Por isso, enquanto fisiólogos filósofos, dizia Bernard (1878, p. 340), podemos admitir um tipo de finalidade particular ou de teleologia intra-orgânica, segundo a qual "todo ato de um organismo vivo tem seu fim na interioridade desse organismo"."O agrupamento dos fenômenos vitais em funções", acrescentava Bernard, "é a expressão desse pensamento". Com efeito, a função – nada menos que o objeto privilegiado da fisiologia (Coleman, 1985, p. 241) – não era outra coisa para Claude Bernard (1878, p. 370) que "uma série de atos ou de fenômenos agrupados, harmonizados, com vistas a um resultado determinado". E, ainda que, para a execução de uma função, "as atividades de uma multidão de elementos anatômicos" convergissem entre si, tal função não podia ser reduzida à "soma bruta das atividades elementares e células justapostas" (Bernard, 1878, p. 370).

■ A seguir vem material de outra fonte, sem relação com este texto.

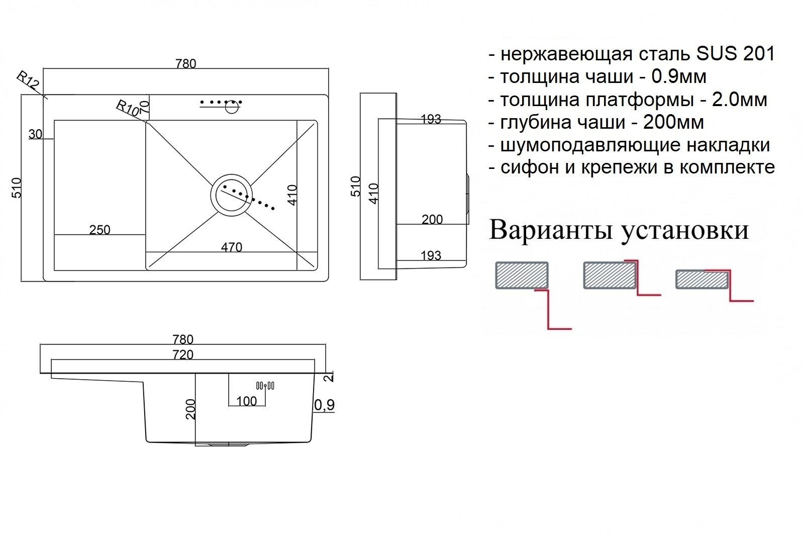 Мойка кухонная ZorG серия STEEL HAMMER SH 7851-R GRAFIT графит черная, чаша справа, крыло слева информация:

Longe disso, para individualizar uma função, para que seja possível descrever um conjunto de atividades orgânicas como cumprindo uma função, devemos considerar essas atividades como "harmonizadas, concertadas, de forma que convirjam para um resultado comum" (Bernard, 1878, p. 370).

Porém, para que possamos entender os organismos enquanto seres vivos – e não meramente como sistemas físicos de alta complexidade – temos que ir além da análise fisiológica e além da teleologia intraorgânica. Isto é: somos levados a considerar esta outra forma de conformidade a fim que tem a ver com a relação que existe entre o organismo e seu meio ambiente2 2 Relação que, como Conry (1974, p. 734) aponta, Bernard (1878, p. 147) deixava explicitamente fora do escopo e do interesse da fisiologia. . A teoria darwiniana da seleção natural aparece então como aquela que nos permite pensar essa adequação de uma perspectiva científica. Pode-se dizer, por isso, que a principal contribuição do darwinismo tem sido a de permitir uma colocação e um tratamento não-teológico daquele problema que Newton formulou, na vigésima oitava questão de sua Óptica: "Por que os corpos dos animais são projetados com tanta arte, e para que fins são suas várias partes?" (Newton, 2000, § 28, p. 279).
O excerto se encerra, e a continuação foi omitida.